== RAW DATA ==

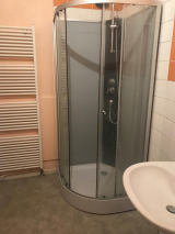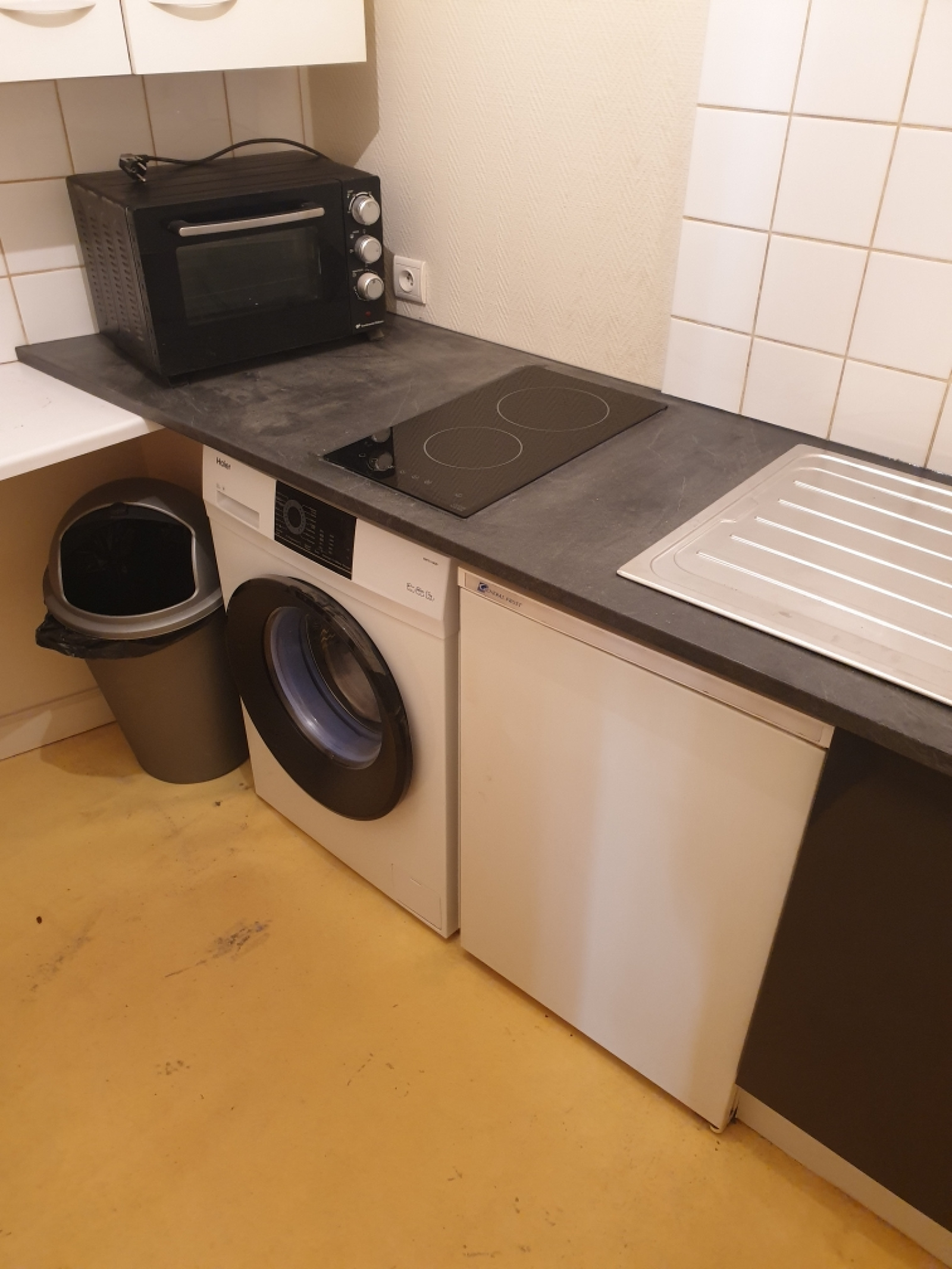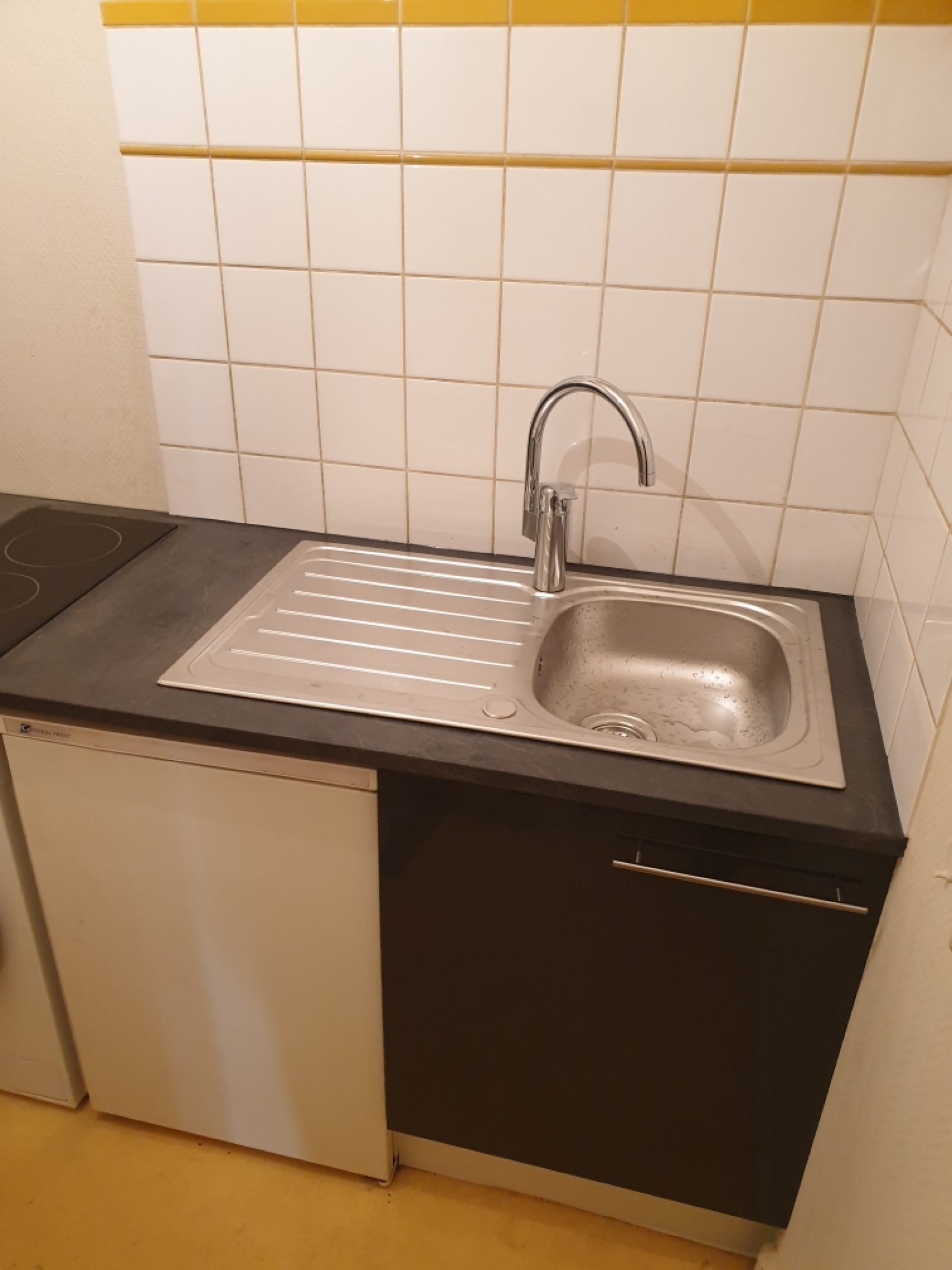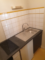 Agréable Appartement T2 en rez de chaussée : Belle et spacieuse pièce principale avec placards, Coin cuisine aménagée (Plaque de cuisson, Réfrigérateur), une grande chambre avec placards, salle de bains avec douche et WC.
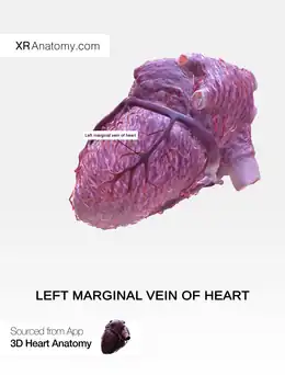 La veine marginale gauche remonte le long du bord gauche du cœur accompagnée du rameau marginal gauche de l'artère coronaire gauche.
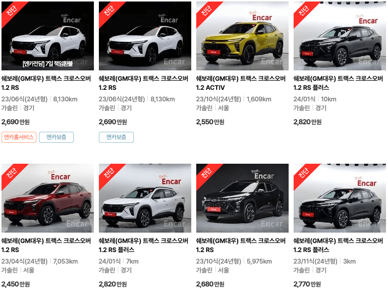 연식별, 전모델별 중고차 가격과 시세표를 확인할 수 있어요.
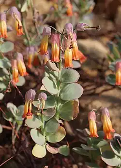Der Blütenstand ist ebensträußig, der Blütenstandsstiel 9 bis 12 Zentimeter lang. Die hängenden Blüten stehen an 10 bis 15 Millimeter langen Blütenstielen. Der Kelch ist grün bis grünpurpurn, die Kelchröhre 9 bis 11 Millimeter lang. Die dreieckigen, zugespitzten Kelchzipfel weisen eine Länge von 7 bis 8,5 Millimeter auf und sind etwa 6 Millimeter breit. Die urnenförmig-röhrige Blütenkrone ist gelb, orange bis rosafarben. Die etwas achtkantige Kronröhre ist 20 bis 35 Millimeter lang. Ihre eiförmig-dreieckigen, stumpfen Kronzipfel weisen eine Länge von 5 bis 6 Millimeter auf und sind ebenso breit. Die Staubblätter sind unterhalb der Mitte der Kronröhre angeheftet. Obere Staubblätter ragen leicht aus der Blüte heraus. Die runden Staubbeutel sind etwa 1,5 Millimeter lang. Die dreieckig-länglichen, ausgerandeten Nektarschüppchen weisen eine Länge von 0,7 bis 1 Millimeter auf und sind 1 Millimeter breit. Das gerundete Fruchtblatt weist eine Länge von etwa 6 Millimeter auf. Der Griffel ist 15 bis 18 Millimeter lang.

===

TO DO:
An exact copy of the lines above, from the first through the line that holds "연식별, 전모델별 중고차 가격과 시세표를 확인할 수 있어요.", is what is needed; leave the pictures out.

THE ANSWER:
 Agréable Appartement T2 en rez de chaussée : Belle et spacieuse pièce principale avec placards, Coin cuisine aménagée (Plaque de cuisson, Réfrigérateur), une grande chambre avec placards, salle de bains avec douche et WC.
 La veine marginale gauche remonte le long du bord gauche du cœur accompagnée du rameau marginal gauche de l'artère coronaire gauche.
 연식별, 전모델별 중고차 가격과 시세표를 확인할 수 있어요.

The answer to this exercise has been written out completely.